Несколько ударов плетью ломало самых стойких, и шалуны быстро превращались в тихонь — мрачных, как тучи, и немногословных, как затихающий ветер.

Но каждый раз, когда девятихвостка жгуче целовала детскую спинку, когда слезы смешивались со сбегающими по лицу капельками пота и горячая кровь впитывалась в подол изношенного платьица, Мика не думала о смирении. Она лишь пыталась унять жуткий огонь в груди, плотно сжимая губы, которые норовили раскрыться и выпустить крики боли, и сверля тяжелым взглядом голые стены.

Все повторялось вновь и вновь. Она не боялась плети, не боялась последствий своего непослушания и продолжала пакостить, мстить мерзким злыдням, давать отпор женщинам, которые тогда были гораздо сильнее ее. Словно мустанг — дикий и опасный — Мика не поддавалась дрессировке и убегала. Ни разу не обернувшись, чтобы взглянуть в злые глаза.

И сейчас она даже не мыслила нарушить простое детское правило, с годами превратившееся в твердую привычку. Ветки крупных безлиственных деревьев хлестали по лицу, оставляя длинные царапины на холодных смуглых щеках, цеплялись за рукава толстой рубахи. Неглубокий снег вскоре сменился сугробами. Ноги тонули в белизне, передвигаться с большой скоростью становилось все сложнее, и Микаэлла позволила себе сбавить шаг.

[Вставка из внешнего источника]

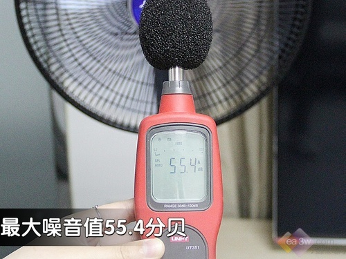 3.噪音测试,经过小编实测(本测试并非绝对安静环境),本机的最大噪音值为55.4分贝,最小噪音值为34.2分本,最小风速时几乎与环境噪音一致,听不到风扇的声音,相比之下还是比较安静的。
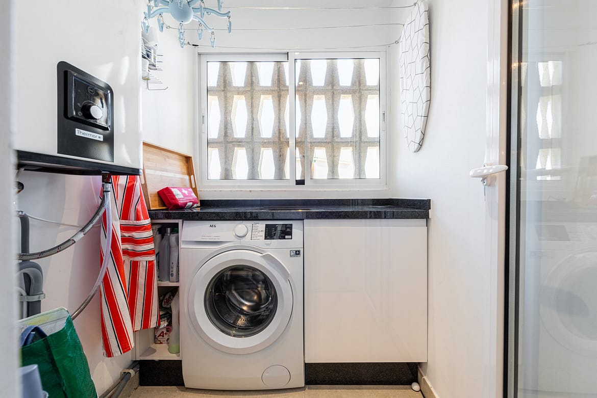 As you enter, you’ll find the tastefully renovated kitchen to your left, which is connected to a utility room designed in the same style.
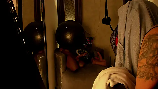 selene_red_: harness for back and arms + 3 balls gag:
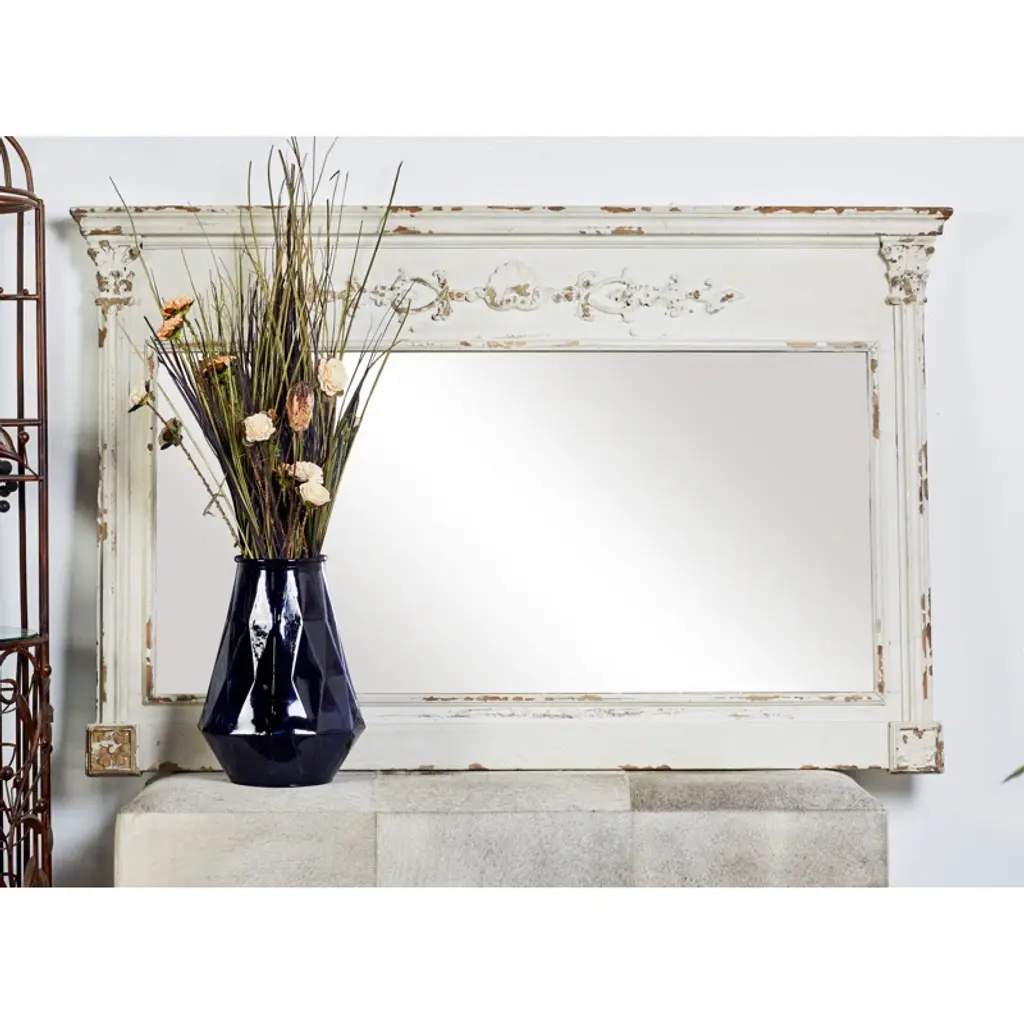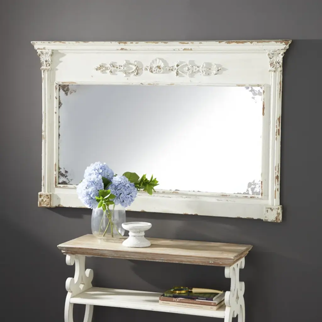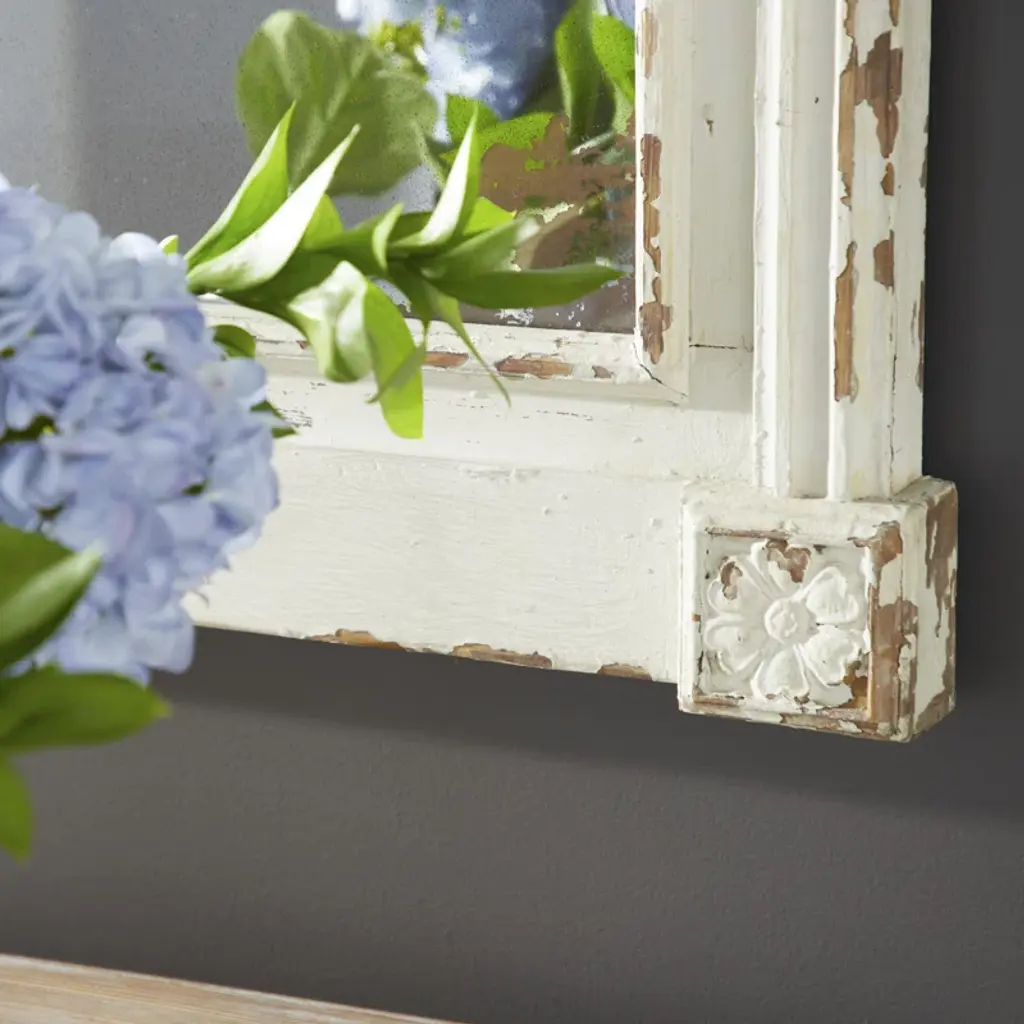 Fuentes Wood Carved Floral Cream Wall Mirror With Distressing
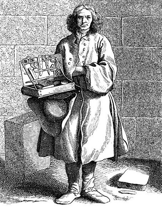„Man selling objects for hair care and shaving” „Мужчина продает предметы для ухода за волосами и бритья”, 18 век. В коробке пара бритв: С 2013 г. с кайфом бреюсь опасной бритвой пять раз в неделю, в три прохода.
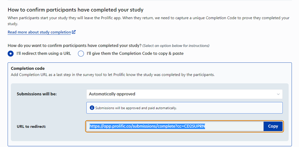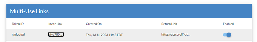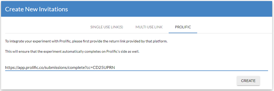 For researchers using Prolific to recruit participants, a multi-use invite link can be created for running your experiment, which will redirect the participant back to Prolific after they complete the experiment. See the steps below on how to set up these Prolific-integrated invite links.

В лесной глуши слышалось одно ее тяжелое, сбивчивое дыхание. Ни дуновения шаловливого ветерка, ни воя голодных волков, ни даже ритмичного стука, создаваемого соприкосновением клюва пестрого дятла и длинных толстых шишек. Тишина зимнего леса давила на Мику, как бочка, взваливаемая в далеком детстве на ее хрупкие плечи. Во рту стало сухо, сердце билось неровными толчками. Зуд в области запястья сбивал с мыслей, и, замерев меж елей, она сильно царапнула ногтями по левому запястью.

Это действие отозвалось жжением в выступивших венах. Мика устремила взгляд на кисть, скривилась, чувствуя, как по жилам бегут огненные нити. Ее магия, ее огонь — такой же синий, как штормовое море, и страшно обжигающий, подобно раскаленному железу, впервые за все время вредил ей, чертя на внешней стороне ладони искусный узор. Витиеватые тоненькие линии, на концах которых распустились черничного цвета лепесточки, протянулись до указательного пальца и замерли в виде растительной вязи.

Девушка восхитилась бы подобной красотой, если бы только шипы боли, впившиеся в кости, не наполняли ее руку ядом. Желудок скрутило, к горлу подкатил неприятный, горький комок. Почувствовав привкус желчи во рту, Мика с большим усилием подавила приступ тошноты. Странная реакция на узор лишь на пару секунд отвлекла ее от мучительной боли, и в попытке избавиться от этих ощущений она сунула руку в снег.

Холод мигом впился в сухую кожу льдинками, сражая огонь и смягчая боль. Из приоткрытых губ сорвался шумный вздох, тело обмякло, и девушка, закрыв глаза, медленно опустилась на колени, по пояс погрузившись в снег.

Впервые мороз усмирил ее силу, остудил пыл и разгоряченное сердце. Разум протрезвел, стало легче дышать. С новыми силами Микаэлла поднялась на ноги. Без прежнего страха, склонив голову набок, она сосредоточенно всмотрелась в узор, украсивший ее кисть, осторожно провела по холодной ладони пальцем, повторяя витиеватую линию.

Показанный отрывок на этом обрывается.